Moreover, the increased potential of dispersal (via water transfers) serves only to emphasise the overall pattern of restricted gene flow detected in P. australiensis lineages A and B occurring in regulated (Nepean Catchment) stream channels. The patterns of isolation by distance detected by the NCA within lineages A and B in the Nepean Catchment would seem less likely to arise by human-mediated dispersal than natural processes. This suggests that generally P. australiensis is not being moved among subcatchments during periodic water transfers.

In the future, there are plans to augment sources of water supply to Sydney by constructing new dams or enlarging/upgrading existing ones. Also, a commercial coal seam lies beneath the upper Nepean Catchment and mining operations produce subsidence and will potentially alter drainage patterns and flow regimes within the catchment. Predictions relating to demographic and land use changes in the study area (Sydney Catchment Authority, 2002) highlight the need to consider strategies relating to catchment management and infrastructure works carefully.

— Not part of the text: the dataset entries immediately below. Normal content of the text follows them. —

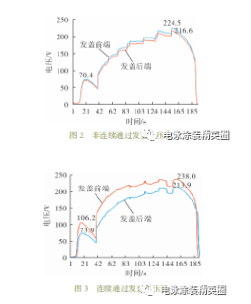 利用表面流動電位測試儀(俗稱潛水艇)對車身各個部位實際電壓進行監測(圖2 -3)。測量發現:當非連續通過時發蓋前后電壓無明顯差異,但連續通過時到達車身的最大電壓前部高于后部 15 - 25 V。車身剛入槽低壓段實際到達車身的電壓前端與后端壓差達到30V(前部電壓106.2 V。后部電壓 73.9 V)。說明前一臺車對后一臺車電泳電壓有較大影響。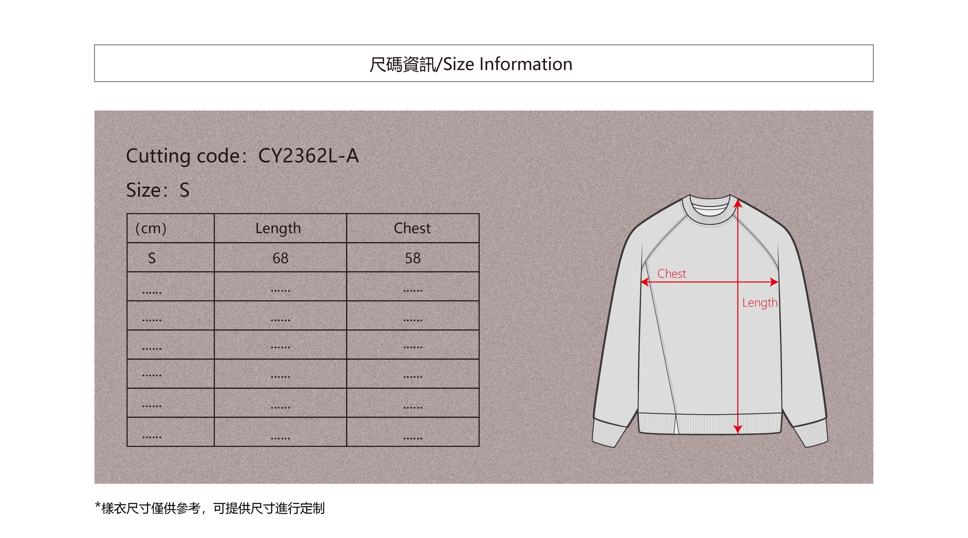 選擇一款您喜歡的款式然後記下 Cutting code 和您所需要的Size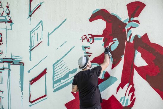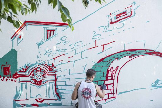 Com ilustrações da autoria de Tomás Reis, está a ser pintado pelo artistas urbanos sediados em Benfica, Edis One e Pariz One.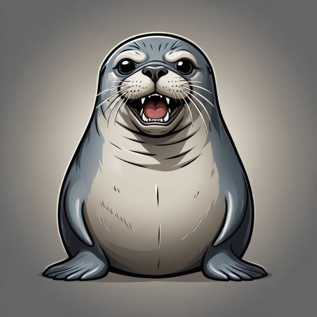 A cartoon illustration of a gray seal with large, dark eyes and a wide, open mouth. It is sitting on a light gray background.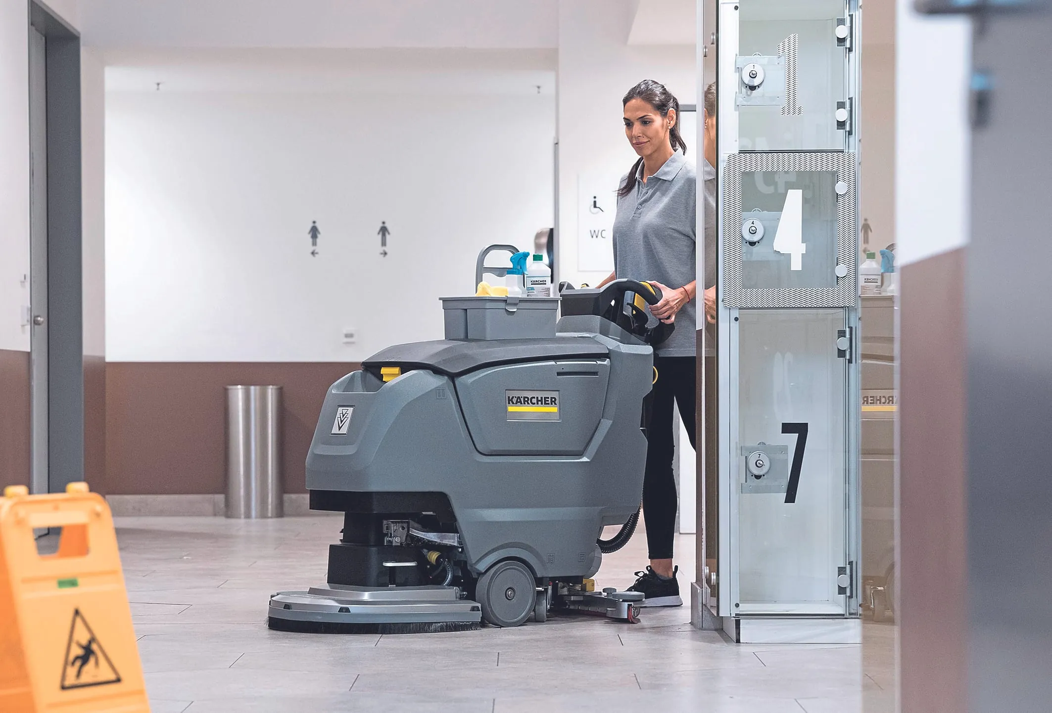Für große Flächen ist eine Scheuersaugmaschine die richtige Wahl. Je nach Größe der Fläche und verfügbarem Zeitfenster stehen Nachläufer- oder Aufsitzmodelle zur Verfügung. Abhängig vom Schmutzaufkommen kann die Fläche in der Zwei-Schritt- (erst schrubben, dann absaugen) oder in der Ein-Schritt-­Methode (schrubben und absaugen in einem Schritt) bearbeitet werden.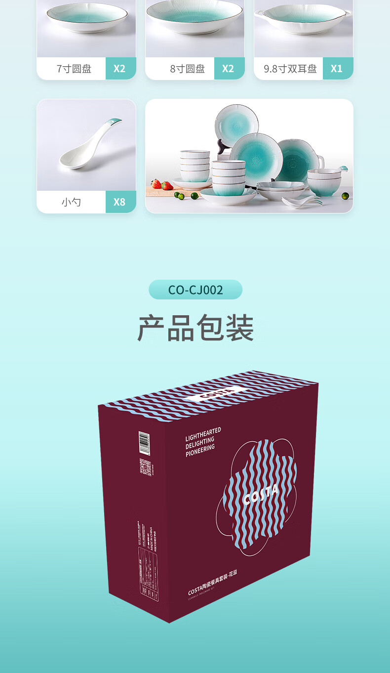 产品配置 : 4.5英寸碗*8;5英寸碗*2;7英寸花盘*2;7英寸圆盘*2;8英寸圆盘*2;9.8英寸双耳盘*1;小勺*8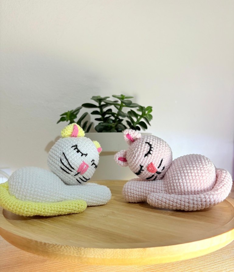amigurumi el örgüsü uyuyan sevimli kedicikler alize ipinden örüldü boncuk elyaf koyuldu çamaşır makinesinde yıkanabilir birşey olmuyor allerjik çocuklar içinde uygundur

Genetic analysis of samples collected thus far from south-eastern Australia suggests that two lineages (A and D) of P. australiensis, which may represent young species, are endemic to the SWSC (Cook et al, in review). The recolonisation ability of these taxa in upland streams of the SWSC as a whole must be considered poor. Our results suggest that if certain populations of P. australiensis are extirpated as a result of future environmental disturbance, they may either (a) contain geographically restricted lineages that will be sent extinct and/or (b) not be recolonised by local populations, due to limited dispersal and gene flow.